Special immune cells stop metastatic cancer
Metastatic disease—when cancer spreads from the primary tumor to other parts of the body—is the cause of most cancer deaths. While researchers understand how cancer cells escape the primary site to seed new tumors, it’s not well understood why some of these wayward cancer cells spawn new tumors— sometimes decades later—while others do not.
Now, a research team has discovered a natural immune mechanism in mice that stops escaped cancer cells from developing into tumors elsewhere in the body. The findings were published in the journal Cell.
“Preventing or curing metastases is the most critical challenge in cancer,” said study leader. “We think our findings have the potential to point to new therapies to prevent or treat metastatic disease.”
Cells that migrate from primary tumors and seed metastatic tumors are called disseminated cancer cells (DCCs). Some DCCs behave aggressively, immediately starting tumors in new tissue, while others remain in a state of suspended animation referred to as dormancy.
“It’s long been a mystery how some DCCs can remain in tissues for decades and never cause metastases, and we believe we’ve found the explanation,” said the lead author.
Breast cancer and many other types of cancer metastasize to the lungs. In research involving three mouse models of metastatic breast cancer, the researchers determined that when breast cancer DCCs spread to the lung’s air sacs (alveoli), they are kept in a dormant state by immune cells known as alveolar macrophages.
“Alveolar macrophages are the lung’s first responders, defending the organ against bacteria and dangerous substances like environmental pollutants,” said the author. These specialized macrophages, the author notes, appear early in embryonic development and reside within lung tissue for life.
“Our findings demonstrate a new role for these macrophages, in which they recognize DCCs and actively interact with them, and—by secreting a protein called TGF-β2—produce signals in the cancer cells that keep them in a dormant state,” the author said. “Since every organ in the body has its own set of tissue-resident macrophages, they may function to keep DCCs in check in those organs as well. Our study has shown for the first time that these specialized macrophages function to actively induce dormancy in DCCs.”

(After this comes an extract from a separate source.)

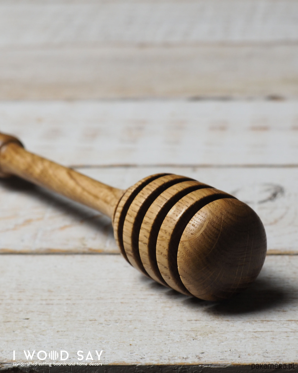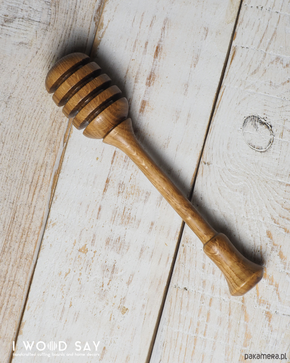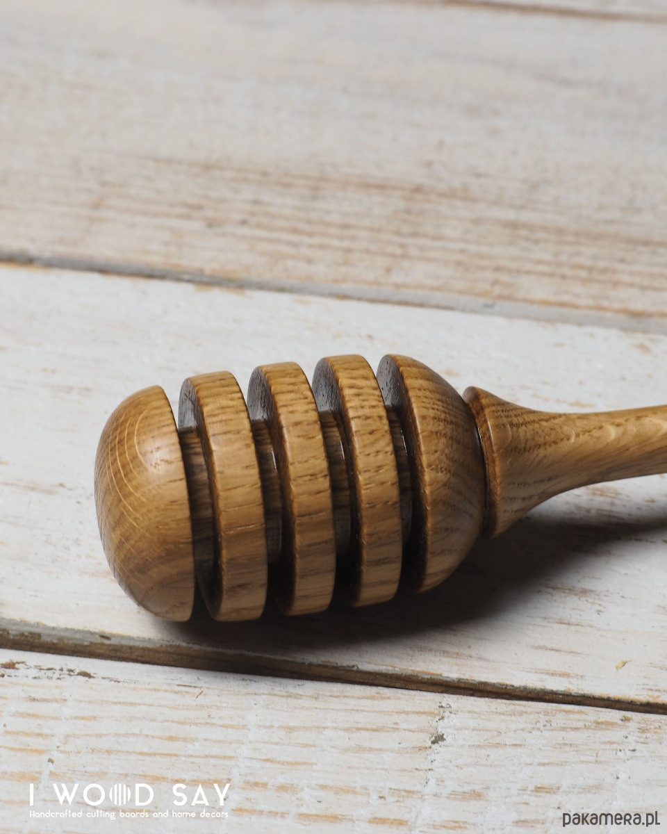 Solidny, zakończony wygodnym uchwytem, dzięki czemu miód trafi prosto do filiżanki, a nie na stół ;)

Confirming the importance of alveolar macrophages in keeping DCCs dormant, the team found that depleting them in the mice significantly increased the number of activated DCCs and subsequent metastases in their lungs compared to mice with normal levels of the immune cells.
As DCCs become more aggressive, the researchers found, they become resistant to the pro-dormancy signals produced by alveolar macrophages. Ultimately, this evasion mechanism enables some DCCs to “wake up” from dormancy and reactivate to form metastases.
“Understanding how immune cells keep DCCs in check could lead to new anti-metastatic cell therapies among other strategies,” the author said. For example, the author noted, it may be possible to strengthen macrophage signaling so that DCCs never awaken from dormancy or find ways to prevent older DCCs from becoming resistant to dormancy signaling.